Вот и ящеры эти… Для чего нужны они Мримо, если он одним движением пальца может их мир в порошок стереть? Для чего ему бойцы, как эти ящеры? Собирается войну с кем-нибудь затеять, развлечься, проверяя, кто из них, гостей разных, сильнее? В любом случае, я пас, если начнется какая-нибудь война, с участием всех этих пришельцев. Мне не с кем воевать…
Девушка спала, когда я вернулся. Причем, спала, положив голову на пузо Бо. Зверь даже не шелохнулся, когда я тихо открыл дверь, лишь повернул голову. Поставив посох, я подошел к ним, и показал кулак зверю, который зашевелился:
– Лежи тихо! Пусть спит.
Бо опустил башку на пол, глядя на мешок, который я водрузил на стол. И, не выдержав, перевернулся на лапы, умудрившись при этом не задеть Оксану. И кинулся ко мне, щелкнув челюстью.
Оксана ударилась головой о пол и подскочила, хлопая глазами.
– Ушиблась? – посочувствовал я, раскладывая хлеб и сыр на столе. – Не обижайся на Бо, такое бывает…
– Ничего страшного, – буркнула она, потирая затылок. – Хорошо, хоть не затоптал.
Мой звереныш уже громко сопел возле ноги, широко открыв пасть, и следя за моими движениями. Проглот этакий! Я вытащил нож, быстро отрезал приличный кусок мяса с бараньей ноги и показал ему:
– Опять есть хочешь? Ты когда-нибудь лопнешь…

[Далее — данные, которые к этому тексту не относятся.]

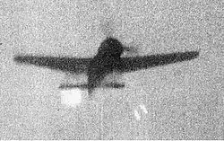 Johnson's wing was the first to be stationed on French soil following the invasion. With their radius of action now far extended compared to the squadrons still in Britain, the wing scored heavily through the summer.[66] On 21 August 1944, Johnson was leading No. 443 Squadron on a patrol over the Seine, near Paris. Johnson bounced a formation of Focke-Wulf Fw 190s, shooting down two, which were recorded on the cine camera.[67] Climbing back to his starting point at 8,000 ft, Johnson attempted to join a formation of six aircraft, he thought were Spitfires. The fighters were actually Messerschmitt Bf 109s. Johnson escaped by doing a series of steep climbs, during which he nearly stalled and blacked out. He eventually evaded the Messerschmitts, which had been trying to flank him on either side, while two more stuck to his tail. Johnson's Spitfire IX was hit by enemy aircraft fire for the only time, taking cannon shells in the rudder and elevators.[68] Johnson had now equalled and surpassed Sailor Malan's record score of 32, shooting down two Fw 190s for his 32nd and 33rd air victories.[69] However Johnson considered Malan's exploits to be better. Johnson points out, when Malan fought (during 1940–41), he did so outnumbered, and had matched the enemy even then. Johnson said:

Мне всегда нравилось смотреть, как эта огромная туша умудряется делать такие прыжки. Моих ожиданий Бо не обманул: он на лету как-то тяжело извернулся, схватив кусок мяса, и слопал его в один присест. Довольно царапнул пол когтями и развернулся ко мне.
– Хватит! – прикрикнул я. – Ты не один здесь! Марш к себе!

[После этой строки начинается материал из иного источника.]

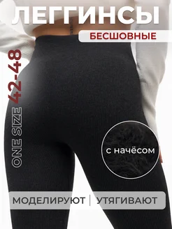 Лосины утеплённые в рубчик леггинсы с начесом бесшовные
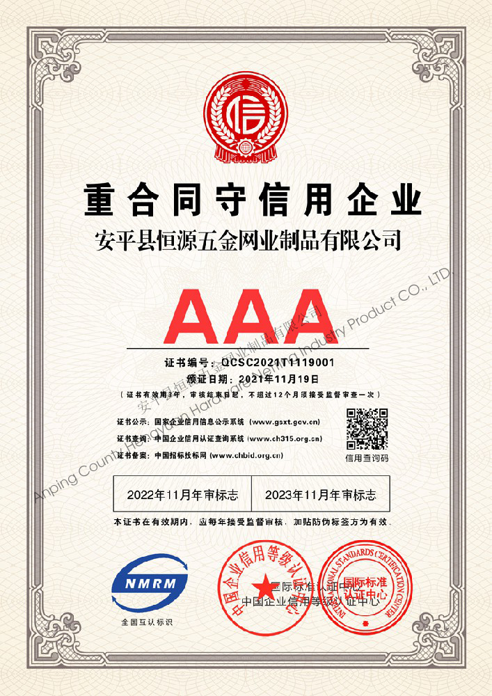 多年來,安平縣恒源五金網(wǎng)業(yè)制品有限公司堅持“科技興企、質(zhì)量立業(yè)”的經(jīng)營理念和“誠心為本、客戶至上”的合作宗旨,優(yōu)化生產(chǎn)工藝,打造優(yōu)質(zhì)產(chǎn)品,提供完善的服務(wù),受到國內(nèi)外客戶的一致好評,產(chǎn)品行銷全國各地,并出口美國、德國、韓國、日本、臺灣等國家和地區(qū)。

Бо подумал немного, глядя на мои ноги, развернулся и, обиженно порыкивая, потопал к корыту, на ходу перевернув хвостом стул. С шумом влез в воду и погрузился в нее полностью, оставив только кончик хвоста…
– Жадина… – пробормотал я и посмотрел на Оксану. – Есть хочешь?
Она кивнула и поднялась.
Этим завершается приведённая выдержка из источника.